READ MORE: ‘Feud: Bette and Joan’ Review: Why Care About the Facts When a Show Feels This True?

Pauline’s attempts to get a directing job have been unsuccessful so far this season, but she has one advantage working toward her potential future success: being fictional. According to Wright, “she’s a survivor and she isn’t beaten down. She doesn’t lose, she doesn’t give up, she doesn’t quit. She’s one of those women who will power through and find a way to do what she wants, not just fade into the background and try to find a husband and kids and be unsatisfied or resentful. She’s very determined to make a success of her life.”
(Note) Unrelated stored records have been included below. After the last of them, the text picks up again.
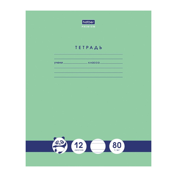 Тетрадь 12л А5 линейка узкая "Панда-тетрадь" картон, зеленый 12Т5A7_23630 Hatber
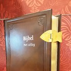 Bijbel met uitleg bruinleer met sloten
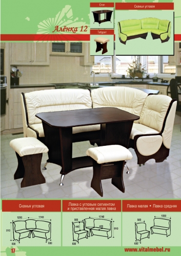 В набор входит: угловая скамья, стол, два табурета. Обивка: экокожа, ткань
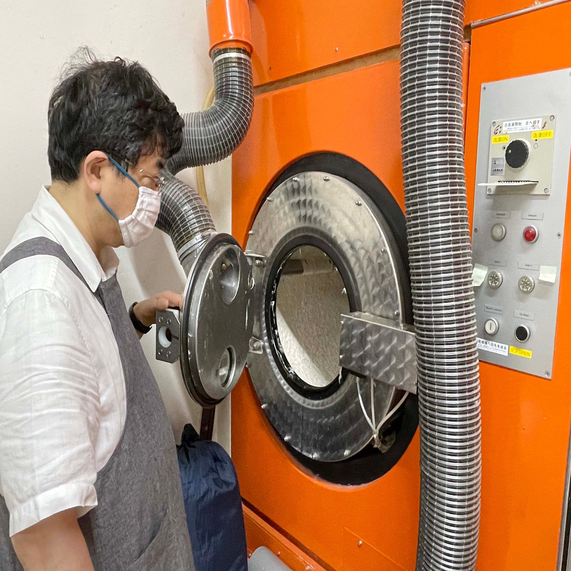 プレミアムダウンウォッシュは、羽毛布団を解体した後、専用の洗浄機で直に洗います。この方法が、最もきれいに羽毛を洗うことができます。
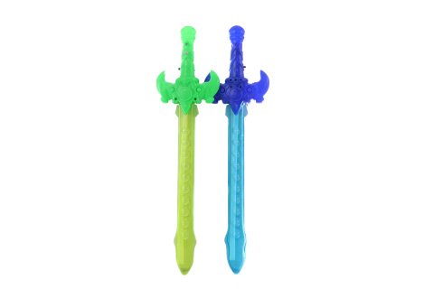 Plastový meč na knoflíkové baterie, které jsou součástí balení. Po zapnutí svítí a vydává zvuky. Baleno v plastovém sáčku. Rozměry meče cca 39x11 cm. Věk 3+
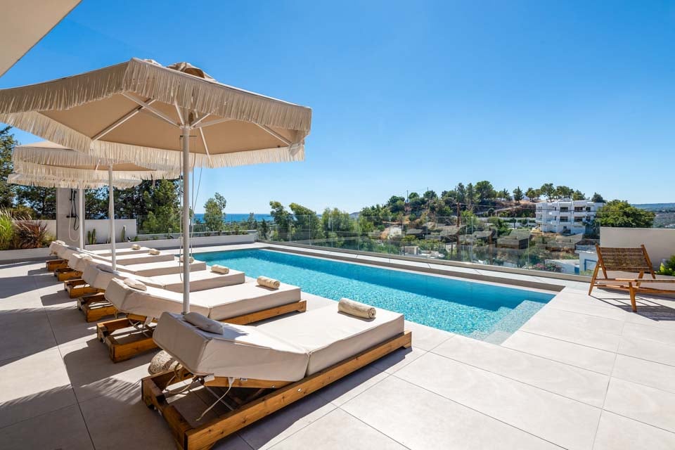 Handdoeken voor bij het zwembad, Outdoor Pool, Zwembad, Loungestoelen, Parasol, Privé zwembad, Sun terrace
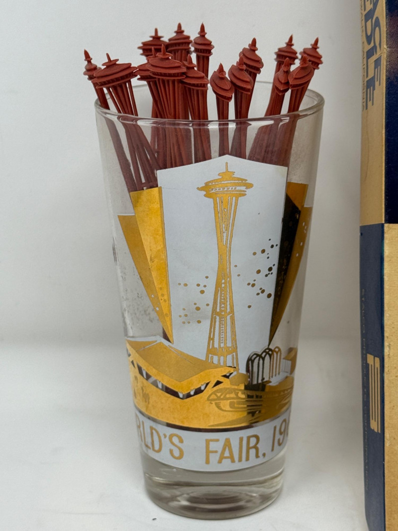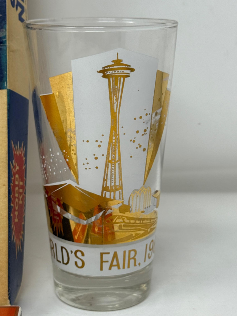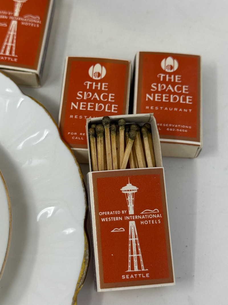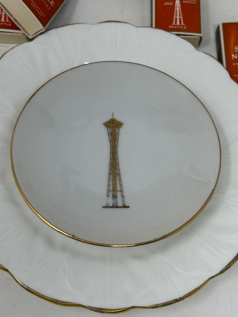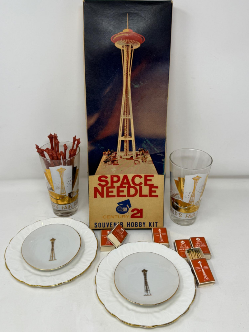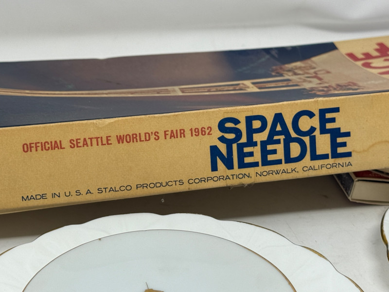 Vintage Space Needle & 1962 World’s Fair Collectables (2) each 4” space needle and 6.5” gold rim plates. Glasses, stir sticks and match boxes.

So while you can’t look up on Wikipedia what ultimately happened to Pauline, by the time this season of “Feud” ends, we will find out how her story ends — because she promises that the writers have given her character some closure. “I was very happy with the ending of the story that they chose for her,” Wright said. “There was a couple of different possibilities milling around, of course, and I’m proud of the resolution.”

That’s right: For once, a story about women in Hollywood might have a happy ending.

“Feud: Bette and Joan” airs Sundays at 10 p.m.